En France, le marché de la réhabilitation des réseaux d'assainissement ne se développe pas aussi rapidement qu'on pouvait l'imaginer. Après avoir tenté d'en déterminer les raisons, cet article propose un certain nombre de pistes permettant de vérifier la pertinence de la démarche réhabilitation et de mesurer l'efficience des techniques mises en oeuvre.
Qui se souvient en effet des entreprises pionnières comme Terastic (Consolidation des sols) ou Laterini (devenue Axeo depuis 2003) qui ont introduit en France des techniques venues de l’étranger (États-Unis) comme par exemple le procédé d’étanchement par injection de résine ?
Le flambeau a été repris depuis par une vingtaine de sociétés dont la taille varie de 10 à 50 personnes pour un chiffre d’affaires correspondant de 1 à 20 millions d’euros, la plus importante représentant à fin 2006 environ 15 % de part de marché.
Le chiffre d’affaires global de la profession avoisinait en 2006 les 100 millions d’euros (ce chiffre mériterait d'être affiné même s’il reste au moins deux fois plus important qu’en 1996).
La profession s'est organisée depuis quelques années autour de la F.S.T.T. (en français : Comité Français des Travaux sans Tranchée) puis en référençant ses différentes activités dans la nomenclature de la Fédération Nationale des Travaux Publics (rubrique 5.8 - Travaux de réhabilitation sans tranchée).

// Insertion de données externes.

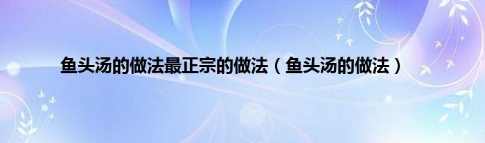 大家好,小科来为大家解答以上问题。鱼头汤的做法最正宗的做法,鱼头汤的做法很多人还不知道,现在让我们一起来看看吧!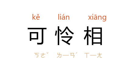 引朱自清 《论书生的酸气》:“‘寒’和‘瘦’映衬起来,够可怜相的。”茅盾 《子夜》十四:“他故意不看这可怜相的老头儿。”周立波 《暴风骤雨》第二部六:“看见 杜善人 装做可怜相。”

En France, le marché de la réhabilitation des réseaux d’assainissement ne se développe pas aussi rapidement qu’on pouvait l’imaginer. Après avoir tenté d’en déterminer les raisons, cet article propose un certain nombre de pistes permettant de vérifier la pertinence de la démarche réhabilitation et de mesurer l’efficience des techniques mises en œuvre.
Aux termes de la définition proposée par l’ASTEE, la réhabilitation consiste à rétablir un ouvrage dégradé dans ses fonctions d’origine ou, dans certains cas, à améliorer un ouvrage pour une durée déterminée en adéquation avec son environnement physique, l’évolution des besoins et les conditions normales d’usage. Elle peut avoir des objectifs multiples concernant la structure, l’étanchéité, l’écoulement, la corrosion et l’abrasion.
Le point de vue du maître d’ouvrage
Le maître d’ouvrage, qu’il soit maire d'une petite commune ou à la tête d’une grande collectivité, fait toujours le choix définitif de la solution à mettre en œuvre.
Son choix repose en général sur des critères économiques, techniques et politiques. Pour ce dernier point, il sera vigilant en particulier sur les perturbations de l’activité causées par les travaux. La réhabilitation sans tranchée s'impose donc a priori car elle permet en général de remettre un réseau à neuf dans des conditions de gêne les plus faibles.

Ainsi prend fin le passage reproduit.